All study data will be transferred to a centrally managed data management platform. The Mobilise-D data management platform has been created on e-SC, an open-source cloud-based platform designed to provide secure ingestion, storage, sharing, and analysis capability for scientific studies (www.esciencecentral.co.uk) . Participant data is collected in a coded, de-identified manner, using electronic data capture as a default option. Data is either entered into the Mobilise-D data management platform directly or via third-party platforms (e.g., McRoberts or ERT). The proposed data flow model is illustrated in Fig 4. Where electronic data capture is not feasible, paper case report forms are used (e.g., falls diaries). Data from paper forms is entered into web forms on e-Science Central (e-SC), and the signed and dated paper forms will be scanned and uploaded to the platform. The Mobilise-D e-SC platform has been implemented using Amazon Web Services located within the European Union.
Direct access will be granted to authorised representatives from the Sponsor, host institution, and the regulatory authorities to permit study-related monitoring, audits, and inspections- in line with participant consent. Clinical sites will be responsible for archiving all study documents for a period of time that is in keeping with institutional or national guidelines that pertain to that site.
Central monitoring of recruitment and data quality will be undertaken by the Mobilise-D Data Manager, as documented in Study Monitoring Plan. Participant enrolment will be regularly reviewed and compared against expectations for site and disease cohort. Where recruitment falls below a pre-defined percentage, mitigation plans identified by sites will be actioned. All data quality monitoring will be performed centrally, for example on data within study databases, uploaded documentation or by self-assessment checklists at site.
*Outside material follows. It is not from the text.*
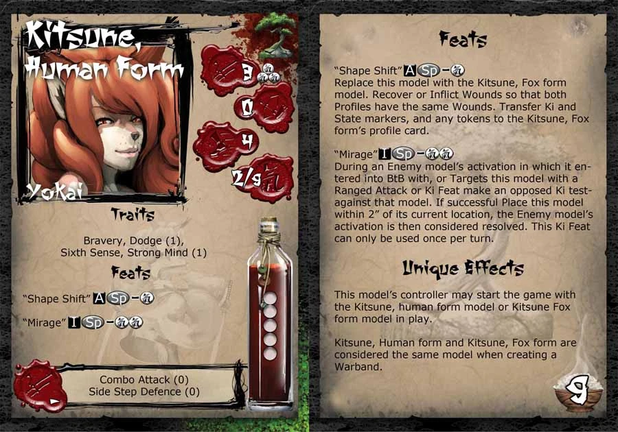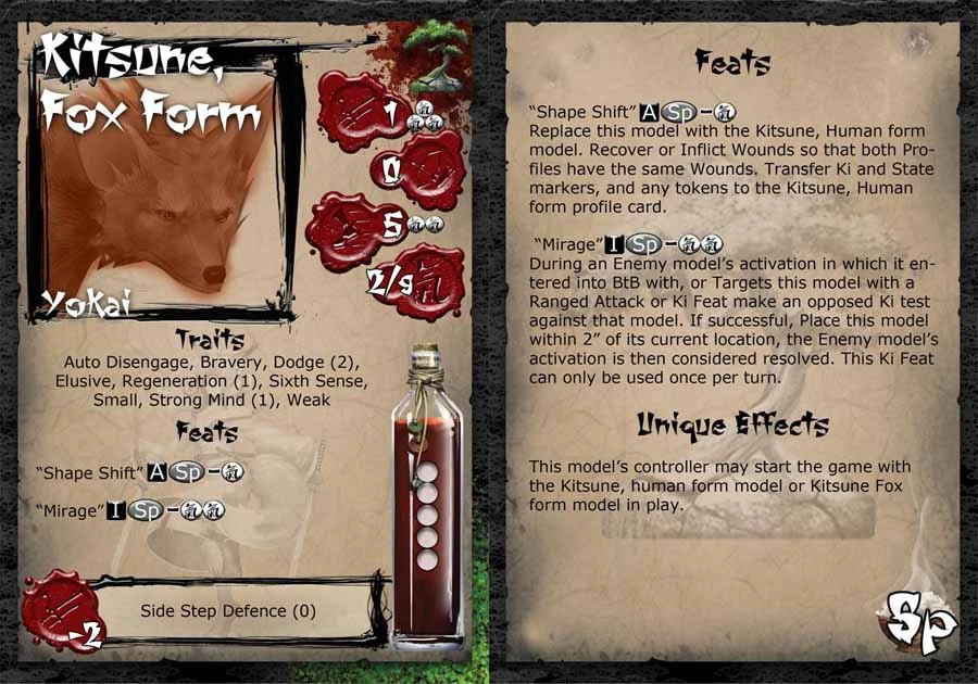 Blister contains one Kitsune miniature, one Fox form miniature, two 30mm bases and two full colour profile cards.

Any data queries identified through central monitoring will be sent to each site in form of a monthly report. On-site visits will only be triggered if serious issues are identified at a site level. There is no non-serious adverse event reporting planned for this study. However, any Serious Adverse Events (SAEs) that occur during the study visits must be reported to the sponsor and will be recorded on a central SAE log.
A comprehensive training package has been developed, including a core manual to support delivery of the protocol robustly and reliably. In addition, four cohort-specific manuals are prepared in which the cohort-specific assessments are addressed in the same manner as in the core manual, i.e., administration, scoring, and troubleshooting of assessments are described. A third manual describes the exact procedures of instrumented physical assessments as well as the 7-day mobility assessment. A series of eleven webinar sessions has been designed and will be held on a weekly basis to cover all relevant aspects of the manual, including additional parts concerning data entry platforms, data management procedures, and practical training sessions. All study personnel assigned to the clinical work package are invited to participate in the webinars, i.e., assessors, site coordinators, and site lead across the project. Several background topics are addressed, for which expert members of the Mobilise-D consortium are invited as speakers. An additional webinar per cohort will be held to address the specific issues related to the four different cohorts. To ensure that all current and future assessors receive the same training and information all webinars are recorded and stored online. Alongside the webinars, nine videos have been produced to describe measurement procedures of several assessments.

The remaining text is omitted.